While slavery enriched slave owners, it impoverished not only the slaves but also the United States as a whole. Its impoverishment of the US can be measured by the difference between what the slaves produced as slaves and the far greater amount they would have produced if free.
The effect
of slavery on the slaves’ incentives was like that of a 100% income tax. They were
motivated to do nothing but exactly what they were told, lest they suffer
punishment. Everything over and above this, that they would have accomplished if
free, was lost.
Slavery was
particularly damaging to the South, because it created in the market value of
slaves a fictional capital that made the accumulation of real capital in such
forms as factory buildings and machinery seem unnecessary. It was thus responsible
for the South’s economic backwardness.
In the North,
a factory owner calculated his wealth as the sum of the values of his factory
buildings, equipment, and inventories. In the South, a plantation owner counted
as the main part of his wealth the mere presence of workers on his land, who
were regarded as his property.
Thus, compared
with the Northern factory owner, the Southern planation owner had a major
deficiency of real capital.

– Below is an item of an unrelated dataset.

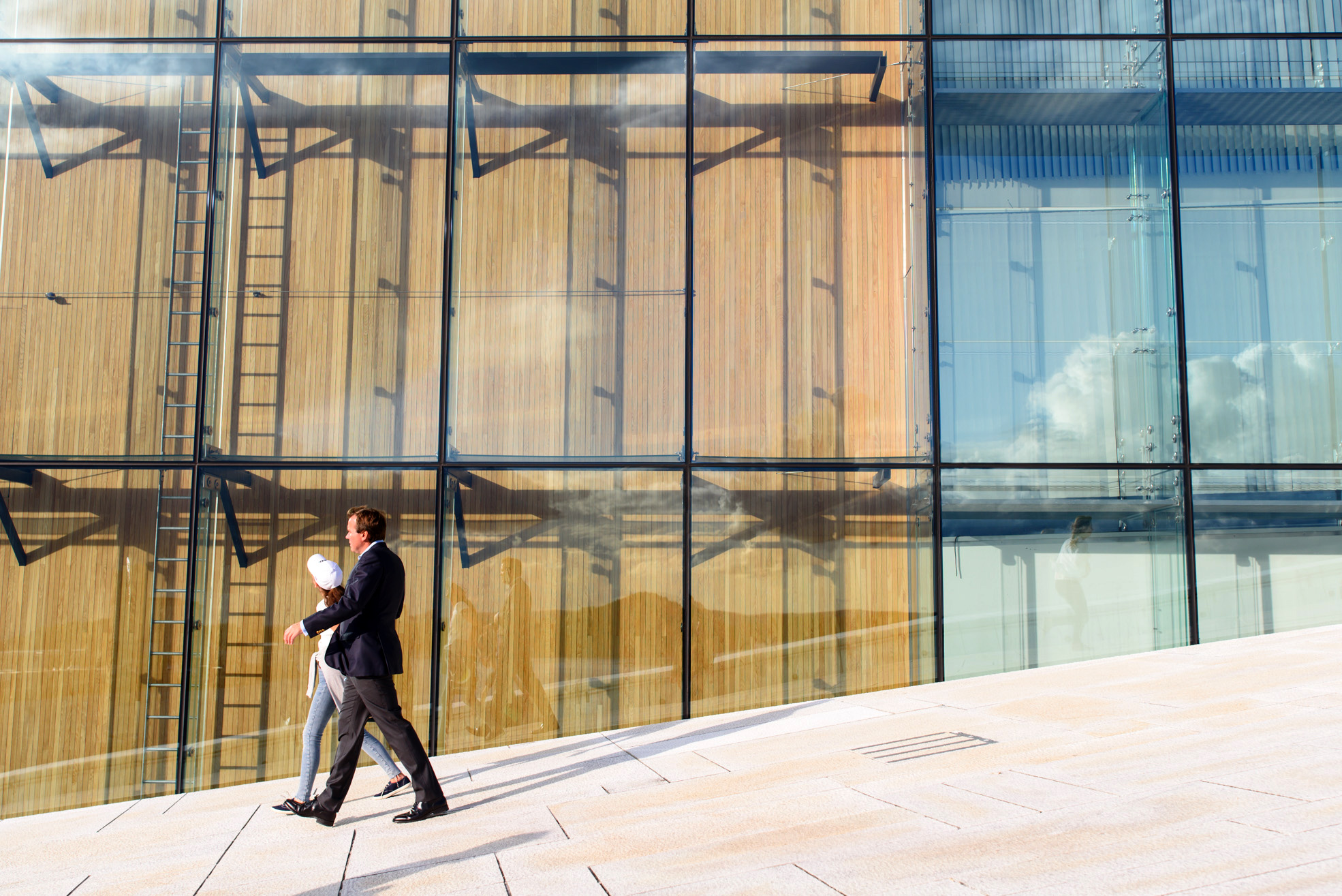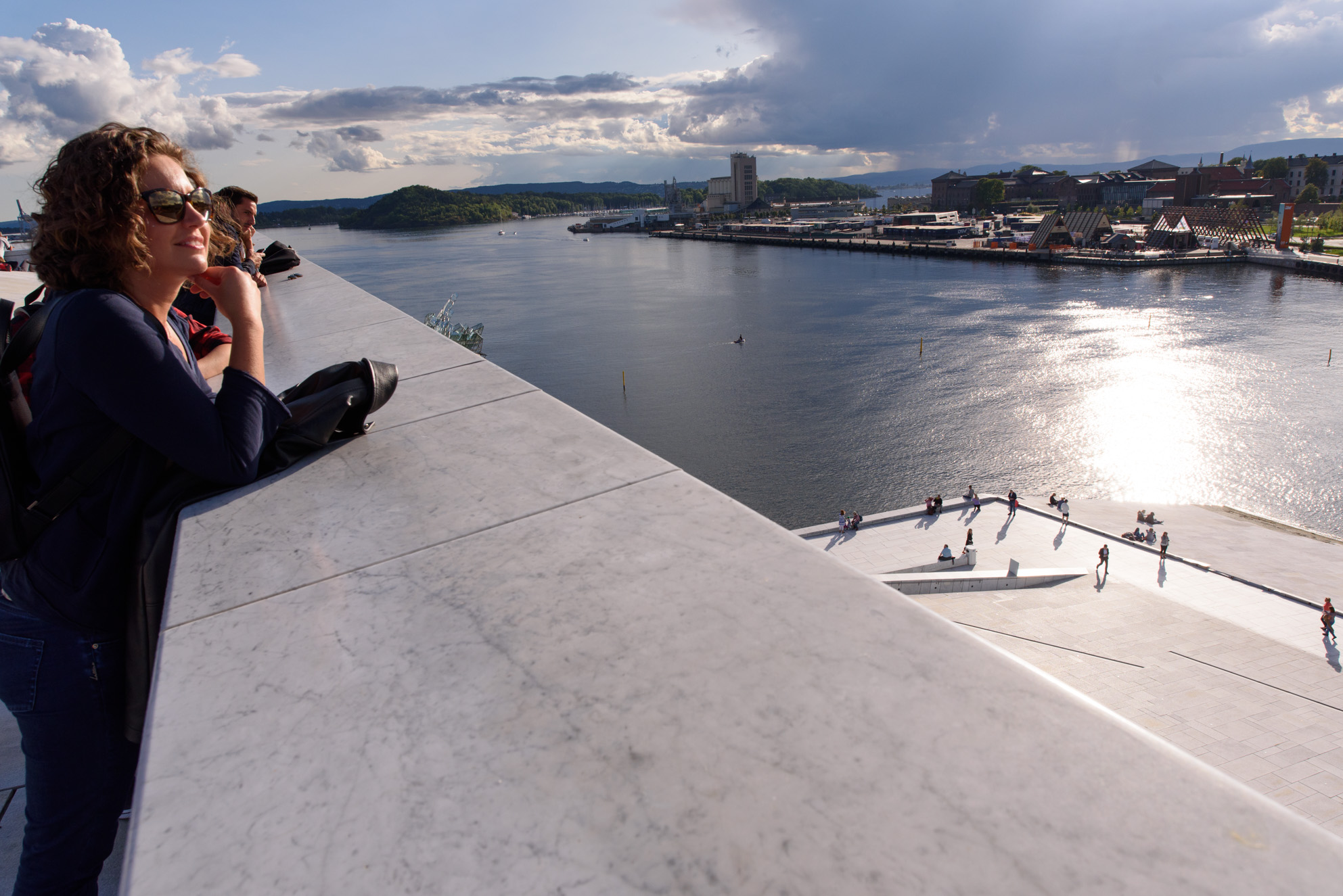 Caminar sobre la ópera y llegar al mar es posible. El edificio fue diseñado para que se pudiera pasear desde su base hasta lo más alto de su construcción. Un lugar de encuentro para los oslenses y punto de referencia para cualquier viajero. Este edificio también se caracteriza por fundirse con el agua ya que su estructura está diseñada para que se pueda acceder al fiordo directamente.

He was missing the factories, machinery, and materials that made up the Northerner’s capital. Instead, his wealth consisted
mainly of the market value of his slaves.
Without slavery, Southern capitalists would have had to accumulate vastly more actual capital to be as rich as slavery gave them the illusion of being. And correspondingly, without slavery, the South as a region would have had to have accumulated far more real capital.